_EXERCISE DESCRIPTION_
Under this line sits a listing. Repeat exactly and only its lines from the one holding "식물덩굴원에는 탐스러운 포도알이 탱글탱글 자라나고 있습니다." through the one holding "ラーメンにも乗っていたチャー"; skip pictures.

_RECORDS PROVIDED_
▽
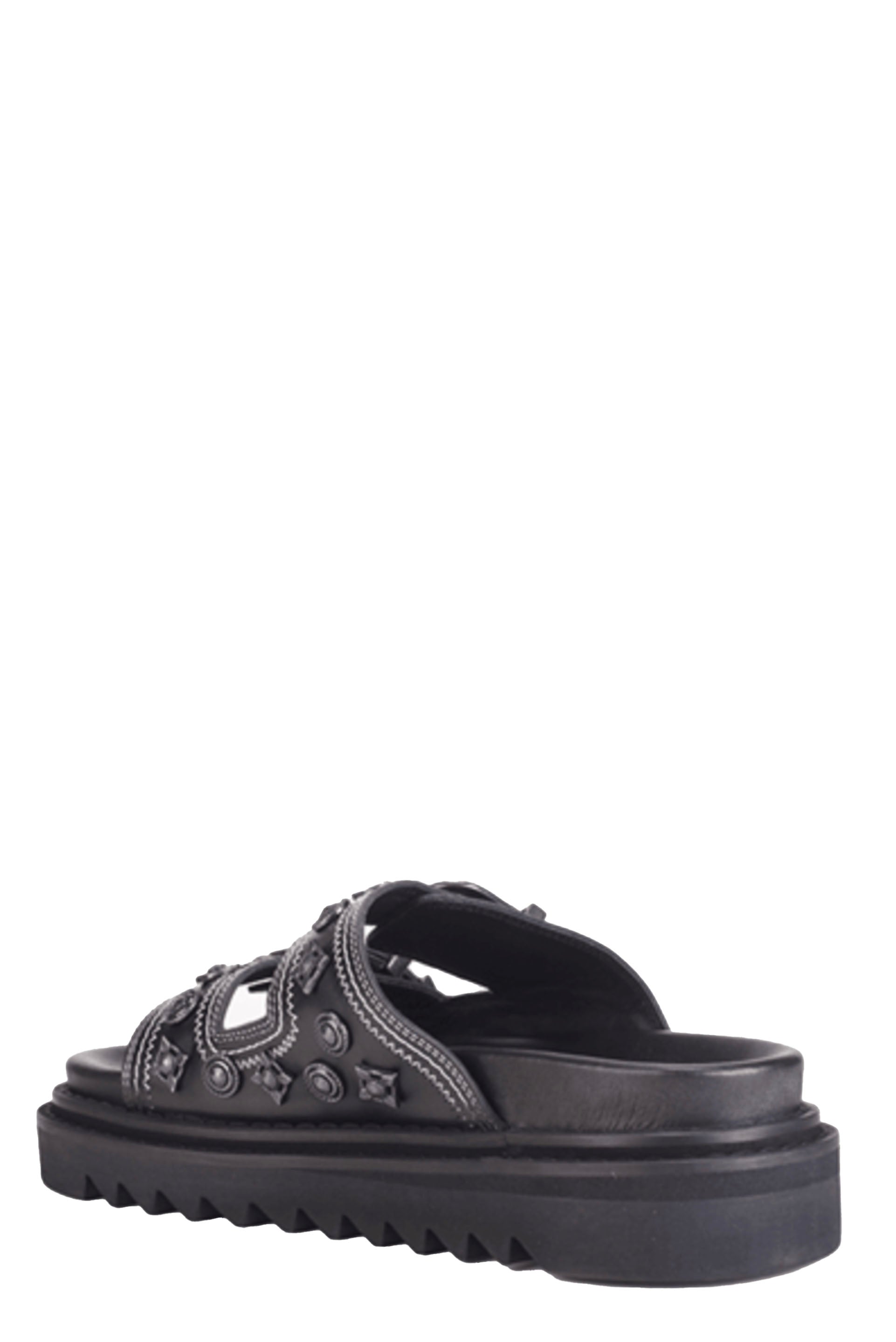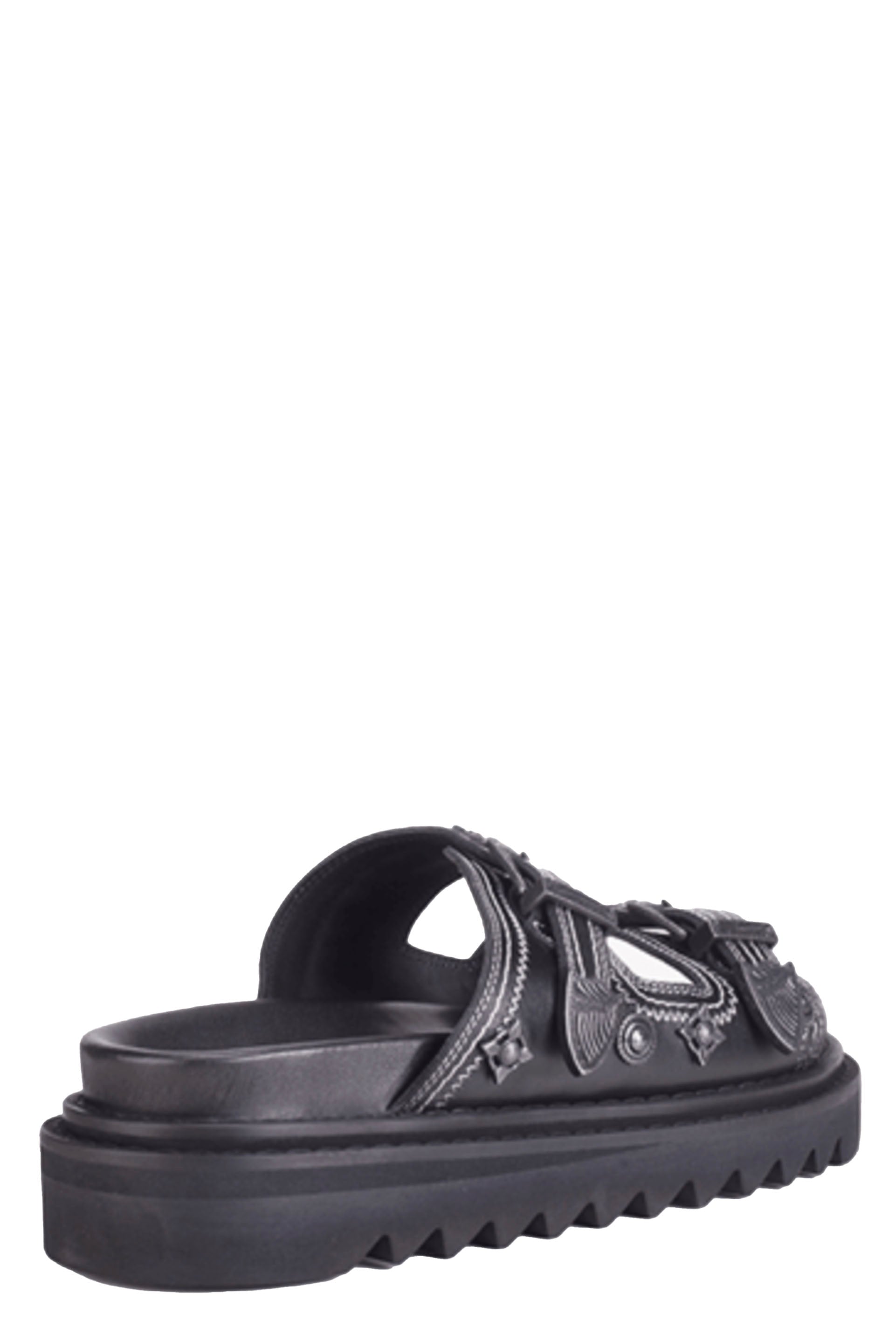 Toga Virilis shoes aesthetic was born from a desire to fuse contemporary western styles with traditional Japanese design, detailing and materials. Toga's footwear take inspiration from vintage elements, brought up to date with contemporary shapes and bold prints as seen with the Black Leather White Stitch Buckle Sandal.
△
▽
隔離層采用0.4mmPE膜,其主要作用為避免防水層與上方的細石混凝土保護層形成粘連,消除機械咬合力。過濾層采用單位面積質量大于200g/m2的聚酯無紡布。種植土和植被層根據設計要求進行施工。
△
▽
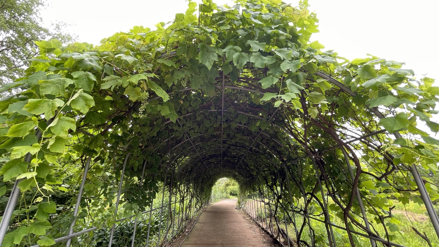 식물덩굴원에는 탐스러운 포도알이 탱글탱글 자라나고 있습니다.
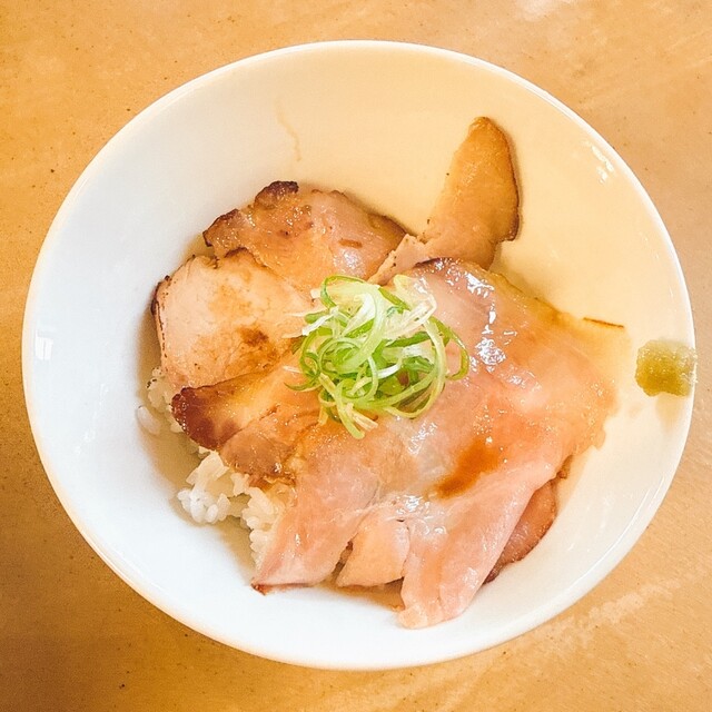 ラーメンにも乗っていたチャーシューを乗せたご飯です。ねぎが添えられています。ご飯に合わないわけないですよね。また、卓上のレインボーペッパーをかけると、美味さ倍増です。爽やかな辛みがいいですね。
△
_ANSWER TO THE PROBLEM_
 식물덩굴원에는 탐스러운 포도알이 탱글탱글 자라나고 있습니다.
 ラーメンにも乗っていたチャーシューを乗せたご飯です。ねぎが添えられています。ご飯に合わないわけないですよね。また、卓上のレインボーペッパーをかけると、美味さ倍増です。爽やかな辛みがいいですね。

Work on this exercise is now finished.